Stored items from a collection:

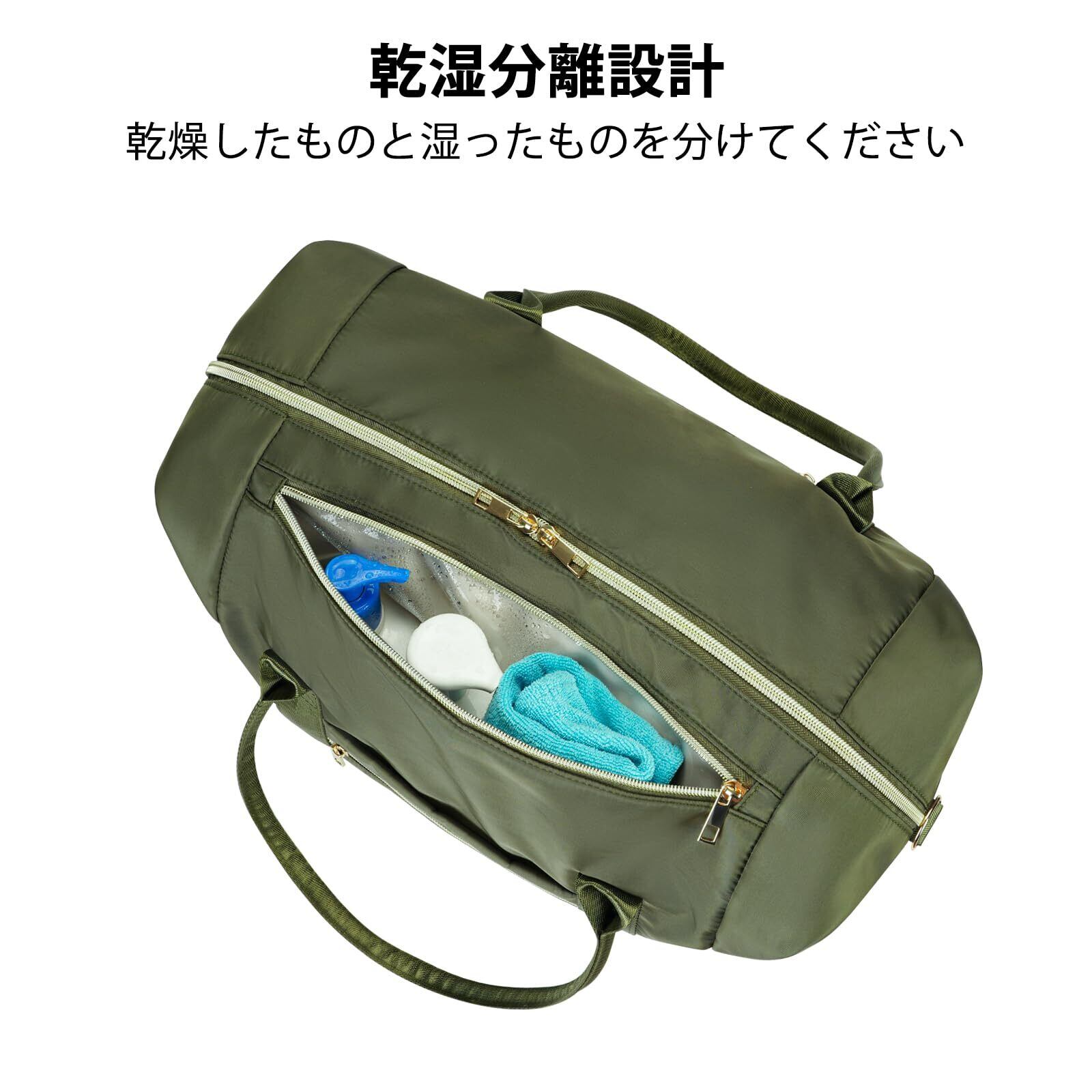【乾湿分離ポケットとシューズポケット】乾湿分離ポケットは、乾いたアイテムと湿ったアイテムを分けるのに役立ちます。さらに、シューズ巾着袋でさまざまな種類の靴を簡単に収納で来ます。
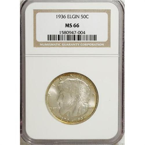<B>1936 50C Elgin MS66 NGC.</B></I> NGC Census: (706/111). PCGS Population (960/112). Mintage: 20,015. Numismedia Wsl. Price for NGC/PCGS coin in MS66: $436. (#9303)<BR><BR><b>Shipping:</b> Coins & Currency (<a target="_blank" href="http://www.heritageauctions.com/common/shipping.php">view shipping information</a>\)
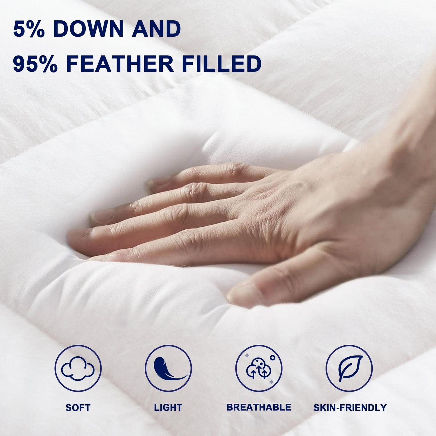 – [Soft Filling] 5% down and 95% feather filled, soft, warm and wrapped, like relaxing on a cloud of comfort.
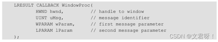 (7) 创建窗口进程函数。窗口进程函数的语法可以在成员对 WNDCLASS lpfnWndProc 成员变量的解释中找到。
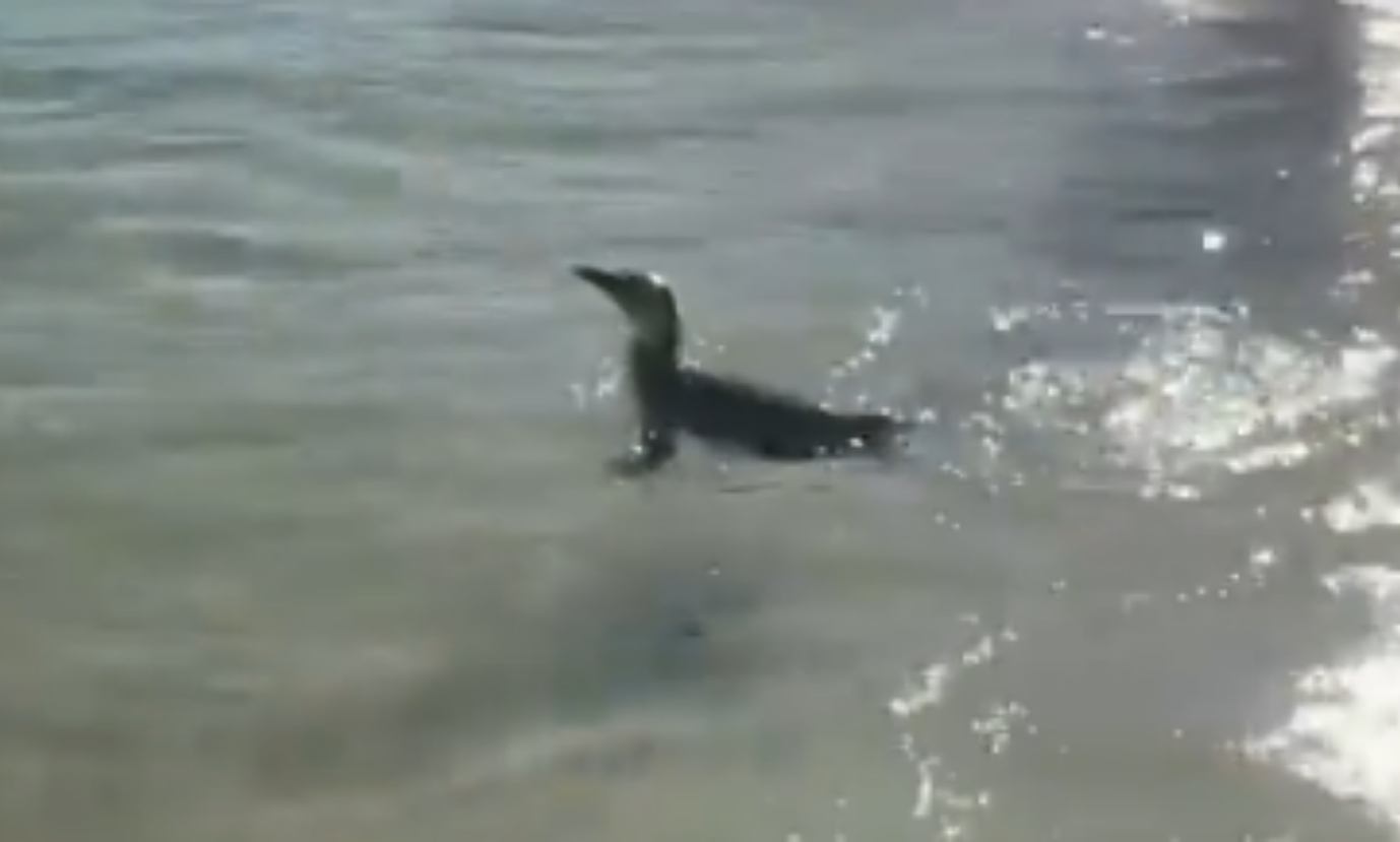 Depois das baleias, outro animal chamou a atenção nas praias do Rio. Um vídeo circulando nas redes sociais mostra um pinguim na transparente e gelada água da praia do Arpoador em meio a banhistas. A ave parece nadar despreocupada em dividir espaço com humanos.
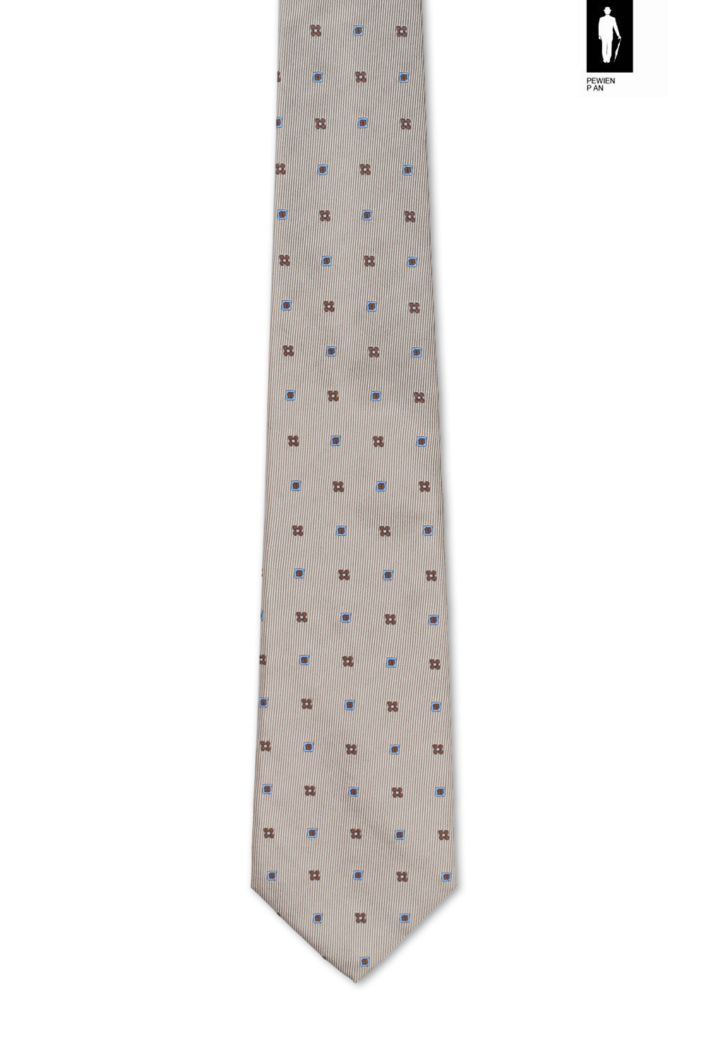 - Beżowy krawat z jedwabiu o szerokości 8cm. Delikatny brązowo-błękitny mikrowzór dodaje mu elegancji. Uszyty w Como z naturalnego jedwabiu i luksusową wkładką z wełny, wiskozy i bawełny.
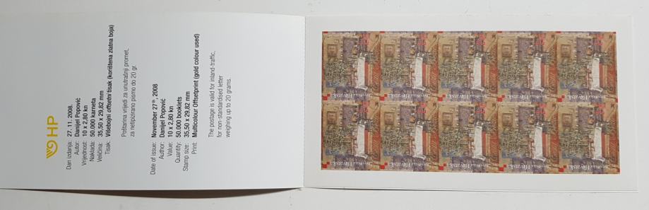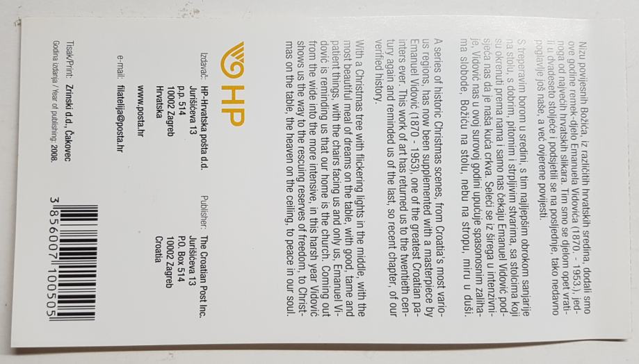 KARNET BLOK, BOŽIĆ 2008, SAMOLJEPLJIVE POŠTANSKE MARKE 10 kom.
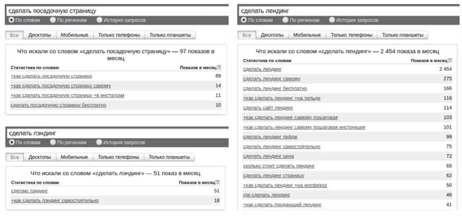 То есть если мы напишем запрос «сделать посадочную страницу», то увидим охват менее 100 человек. Если забьем «сделать лэндинг» (через «э») – и того меньше. Но стоит ввести «сделать лендинг» (через «е»), и охват становится уже в районе двух с половиной тысяч, плюс куда больше вариаций уточняющих запросов. И это только одна группа.
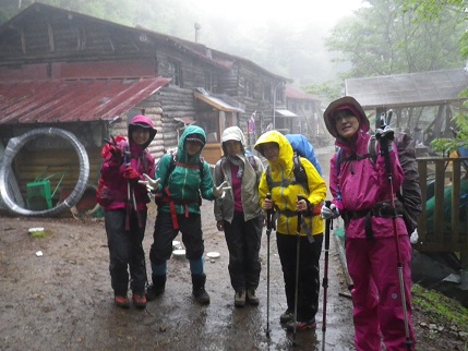 ■6/22 早朝0550雨の中下山開始 ■びしょぬれで「笛吹きの湯」につかる

WORK REQUIRED:
Output the data above verbatim, pictures excluded.

ANSWER BOX:
【乾湿分離ポケットとシューズポケット】乾湿分離ポケットは、乾いたアイテムと湿ったアイテムを分けるのに役立ちます。さらに、シューズ巾着袋でさまざまな種類の靴を簡単に収納で来ます。
<B>1936 50C Elgin MS66 NGC.</B></I> NGC Census: (706/111). PCGS Population (960/112). Mintage: 20,015. Numismedia Wsl. Price for NGC/PCGS coin in MS66: $436. (#9303)<BR><BR><b>Shipping:</b> Coins & Currency (<a target="_blank" href="http://www.heritageauctions.com/common/shipping.php">view shipping information</a>\)
 – [Soft Filling] 5% down and 95% feather filled, soft, warm and wrapped, like relaxing on a cloud of comfort.
 (7) 创建窗口进程函数。窗口进程函数的语法可以在成员对 WNDCLASS lpfnWndProc 成员变量的解释中找到。
 Depois das baleias, outro animal chamou a atenção nas praias do Rio. Um vídeo circulando nas redes sociais mostra um pinguim na transparente e gelada água da praia do Arpoador em meio a banhistas. A ave parece nadar despreocupada em dividir espaço com humanos.
 - Beżowy krawat z jedwabiu o szerokości 8cm. Delikatny brązowo-błękitny mikrowzór dodaje mu elegancji. Uszyty w Como z naturalnego jedwabiu i luksusową wkładką z wełny, wiskozy i bawełny.
 KARNET BLOK, BOŽIĆ 2008, SAMOLJEPLJIVE POŠTANSKE MARKE 10 kom.
 То есть если мы напишем запрос «сделать посадочную страницу», то увидим охват менее 100 человек. Если забьем «сделать лэндинг» (через «э») – и того меньше. Но стоит ввести «сделать лендинг» (через «е»), и охват становится уже в районе двух с половиной тысяч, плюс куда больше вариаций уточняющих запросов. И это только одна группа.
 ■6/22 早朝0550雨の中下山開始 ■びしょぬれで「笛吹きの湯」につかる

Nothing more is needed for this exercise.